Copy everything in the listing below word for word, apart from any images.

THE DATA:
►
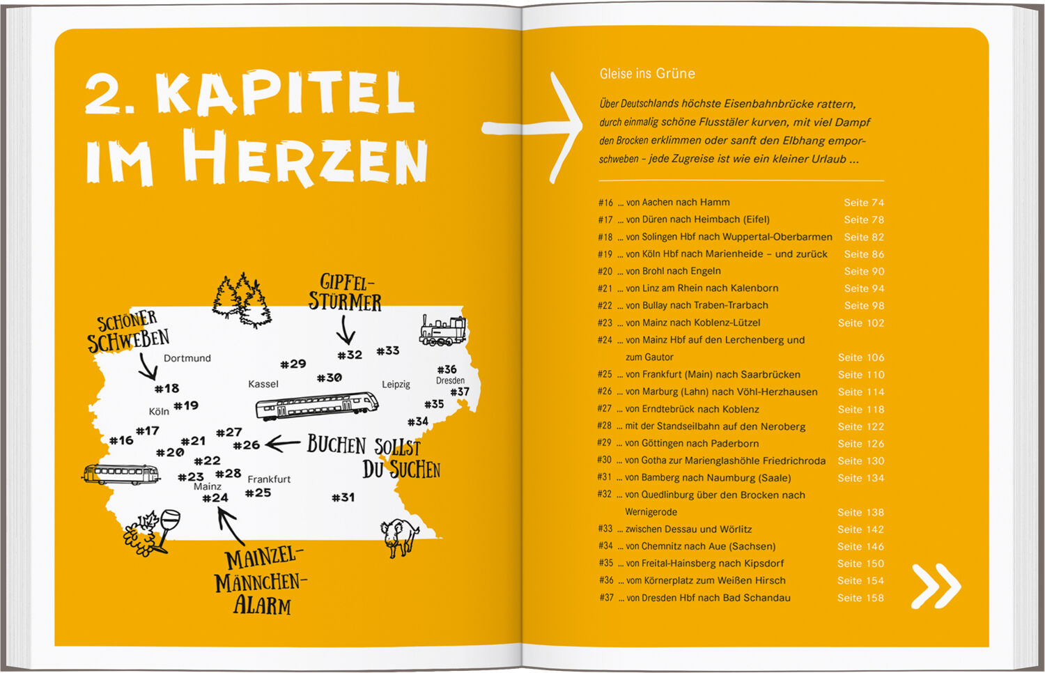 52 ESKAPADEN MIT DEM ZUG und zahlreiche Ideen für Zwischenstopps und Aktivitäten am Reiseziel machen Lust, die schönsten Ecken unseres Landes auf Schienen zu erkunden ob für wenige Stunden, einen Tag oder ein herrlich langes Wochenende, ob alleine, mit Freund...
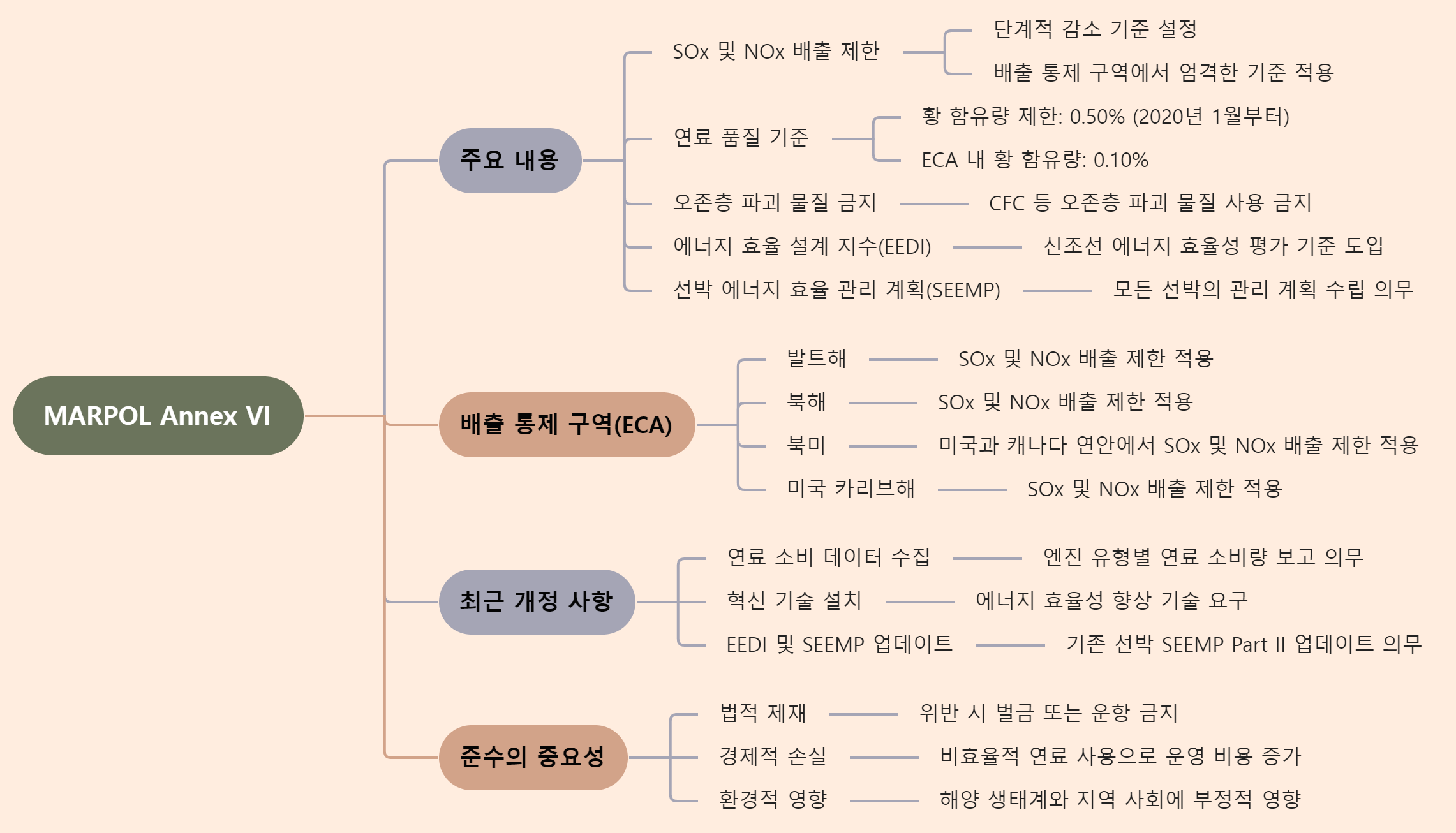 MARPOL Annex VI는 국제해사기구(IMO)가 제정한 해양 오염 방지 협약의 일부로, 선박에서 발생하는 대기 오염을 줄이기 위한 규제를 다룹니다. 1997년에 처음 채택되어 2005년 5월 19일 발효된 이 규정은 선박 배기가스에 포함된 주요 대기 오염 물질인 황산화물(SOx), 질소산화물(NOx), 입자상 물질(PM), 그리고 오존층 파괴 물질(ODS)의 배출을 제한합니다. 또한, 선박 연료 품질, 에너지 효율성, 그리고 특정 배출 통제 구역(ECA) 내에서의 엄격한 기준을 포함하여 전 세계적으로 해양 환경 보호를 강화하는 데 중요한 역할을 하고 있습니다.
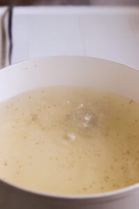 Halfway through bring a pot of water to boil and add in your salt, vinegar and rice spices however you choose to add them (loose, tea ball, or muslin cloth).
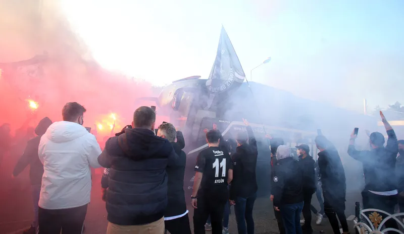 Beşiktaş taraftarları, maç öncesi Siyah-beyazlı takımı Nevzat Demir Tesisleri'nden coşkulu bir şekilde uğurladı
◄
EXERCISE SOLUTION:
 52 ESKAPADEN MIT DEM ZUG und zahlreiche Ideen für Zwischenstopps und Aktivitäten am Reiseziel machen Lust, die schönsten Ecken unseres Landes auf Schienen zu erkunden ob für wenige Stunden, einen Tag oder ein herrlich langes Wochenende, ob alleine, mit Freund...
 MARPOL Annex VI는 국제해사기구(IMO)가 제정한 해양 오염 방지 협약의 일부로, 선박에서 발생하는 대기 오염을 줄이기 위한 규제를 다룹니다. 1997년에 처음 채택되어 2005년 5월 19일 발효된 이 규정은 선박 배기가스에 포함된 주요 대기 오염 물질인 황산화물(SOx), 질소산화물(NOx), 입자상 물질(PM), 그리고 오존층 파괴 물질(ODS)의 배출을 제한합니다. 또한, 선박 연료 품질, 에너지 효율성, 그리고 특정 배출 통제 구역(ECA) 내에서의 엄격한 기준을 포함하여 전 세계적으로 해양 환경 보호를 강화하는 데 중요한 역할을 하고 있습니다.
 Halfway through bring a pot of water to boil and add in your salt, vinegar and rice spices however you choose to add them (loose, tea ball, or muslin cloth).
 Beşiktaş taraftarları, maç öncesi Siyah-beyazlı takımı Nevzat Demir Tesisleri'nden coşkulu bir şekilde uğurladı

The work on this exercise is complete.